Alternatives
A quick look at other ways to run external commands in Python, and when they might fit better than comrun.
Python standard library
subprocess.run/subprocess.Popen: battle-tested and built in, but requires boilerplate. You manage streaming, decoding, and error handling yourself. This friction is what inspired the creation of comrun.asyncio.create_subprocess_exec: async-friendly subprocesses.
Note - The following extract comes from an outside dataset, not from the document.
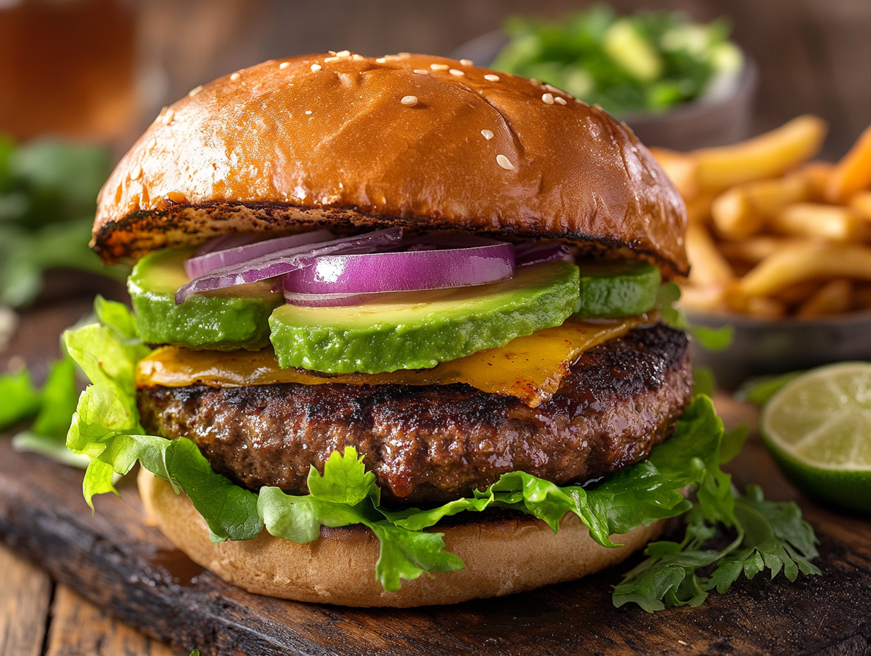 The Spicy Peruvian Aji Burger harmoniously blends the vibrant and bold flavors of Peruvian cuisine with the comfort of a classic American burger. At the heart of this culinary creation is the aji amarillo pepper, a defining ingredient in Peruvian gastronomy. Known for its bright yellow-orange hue and moderate heat, aji amarillo adds not only a distinct spicy kick but also a fruity and slightly tangy undertone, giving this burger a unique profile that stands out from traditional recipes.

You handle reading/writing streams and timeouts.
Use these when you want zero dependencies and are fine wiring up I/O, timeouts, and logging yourself.
Higher-level libraries
- Invoke / Fabric: task runners with decorators, remote execution, and SSH. Good for deployment scripts; heavier footprint than comrun.
- plumbum: shell-like DSL with pipelines and path abstractions; nice for Unix-like scripting, more opinionated than comrun.
- sh-style wrappers (e.g.,
sh,delegator.py): call executables as functions (git.status()), oftenshell=True; convenient, but can hide quoting concerns.
Choose these when you want richer task abstractions or DSL-like command composition.
When to choose comrun?
You want a small, synchronous runner with:
- Live output streaming (via Rich) and captured stdout/stderr/combined output.
- Structured results and simple success/failure helpers.
- Hooks for logging/metrics without adopting a heavier task runner.